Следующим утром я встал пораньше и отправился купаться. Солнце жгло; я просидел на пляже несколько часов, надеясь, что никто не обратит внимания на мою болезненную нью-йоркскую бледность.

В половине двенадцатого я сел в автобус – набитый битком, так что всю дорогу пришлось стоять. Внутри было как в бане, хотя никто вроде бы этого не замечал. Окна закрыты до единого, вонь страшенная, и к тому моменту, когда мы добрались до Плазы-Колон, я был весь в поту и полуобморочном состоянии.

Спускаясь с холма к зданию «Дейли ньюс», я увидел кучку народа. Кое-кто держал плакаты, другие сидели на бровке или стояли прислонившись к припаркованным машинам, что-то выкрикивая всякий раз, когда кто-то входил или выходил. За мной увязался какой-то тип; пока я торопился к лифту, он кричал мне в спину на испанском и потрясал кулаком. Я попробовал защемить его лифтовой дверь, но он вовремя отскочил.

Даже в коридоре было слышно, как кто-то орет в редакционном зале. Когда я открыл дверь, то увидел, что посреди комнаты стоит Лоттерман и размахивает выпуском местной «El Diario». Второй рукой он показывал на незнакомого мне невысокого блондина.

– Моберг! Пьяница вы проклятый! Ваши деньки сочтены! Если с телетайпом хоть что-то случится, деньги на ремонт я вычту из вашего выходного пособия!

Моберг выглядел до того больным, что хоть на «скорой» увози. Позднее я узнал: ночью он заявился в редакцию в стельку пьяным и помочился на телетайп. Все бы хорошо, но в ту пору произошла драка с резней на набережной, а Моберг-то как раз и отвечал за полицейские новости.

Лоттерман вновь прошелся по его адресу, потом набросился на фотографа, едва тот ступил внутрь:

– Вы где шатались прошлой ночью, Сала? Почему у нас нет снимков этой драки?

Тот изумился.

– Да вы что? Я же закончил в восемь… Вы хотите, чтобы я вкалывал по двадцать четыре часа в сутки?

Лоттерман ворчливо отвернулся. Тут он увидел меня и жестом пригласил к себе в кабинет.

– Господи Иисусе! – воскликнул он, усаживаясь. – Да что такое с этими лодырями?! Убегают с работы в неурочный час, мочатся на дорогостоящее оборудование, вечно пьяные… Сам удивляюсь, почему я еще не спятил!

Я вежливо улыбнулся и закурил.

Он уставился на меня с любопытством.

– Христом Богом надеюсь, что вы нормальный человек… Очередной извращенец был бы последней соломинкой.

– Извращенец? – переспросил я.

– Да вы сами знаете, о чем я, – сказал он, помахивая рукой. – Типичные извращенцы вроде алкашей, бомжей, мазуриков… один бог ведает, из каких щелей они вылезают… Никчемная дрянь! Шныряют тут, что-то все вынюхивают, дарят мне во-от такие улыбки, а потом испаряются, ни словечка, ни полсловечка не дав ни в одну колонку. – Он мрачно покачал головой. – Как прикажете делать газету, если из всех работников у тебя сплошные винные башки?

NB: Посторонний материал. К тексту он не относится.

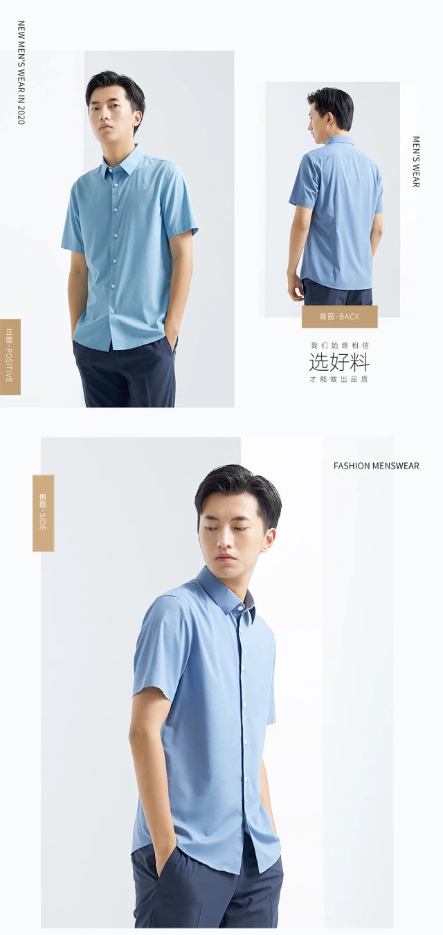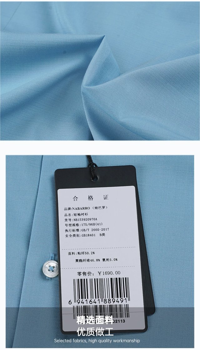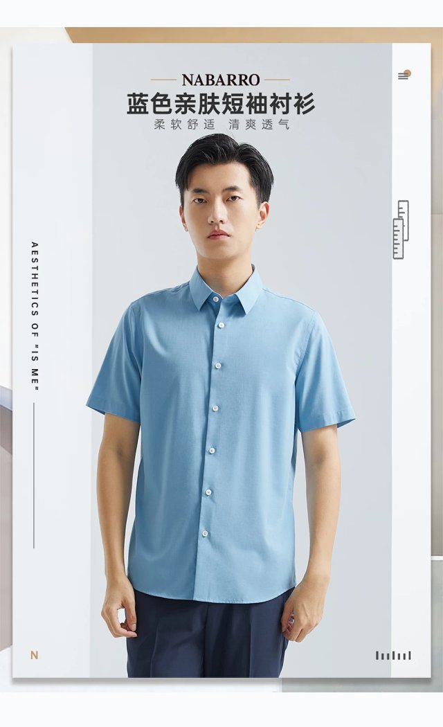 纳巴罗亲肤柔软商务休闲翻领短袖衬衫NB153920970A

– Печальная картина, – сказал я.

– Так оно и есть, – буркнул Лоттерман, – уж поверьте мне, так оно и есть. – Здесь он поднял голову. – Словом, осмотритесь, познакомьтесь с людьми, но только побыстрее. Когда закончите, ступайте в архив и покопайтесь в прошлых выпусках… Сделайте конспект, получите представление о том, что творится в городе. – Он сам себе покивал. – А потом уже можете заглянуть к Сегарре, нашему главному редактору. Я попросил его ввести вас в курс дела.

Мы еще поговорили, и я упомянул, что ходят слухи, будто газета может загнуться.

Лоттерман как-то встревожился.

– А, это вам Сала наболтал? Да вы не обращайте на него внимания… Он вообще давно спятил!

Я улыбнулся.

– Хорошо, не буду… Просто подумал, что правильнее было бы у вас спросить.

– Сумасшедших развелось, не продохнуть, – резко ответил он. – Чего нам не хватает, так это здравомыслия.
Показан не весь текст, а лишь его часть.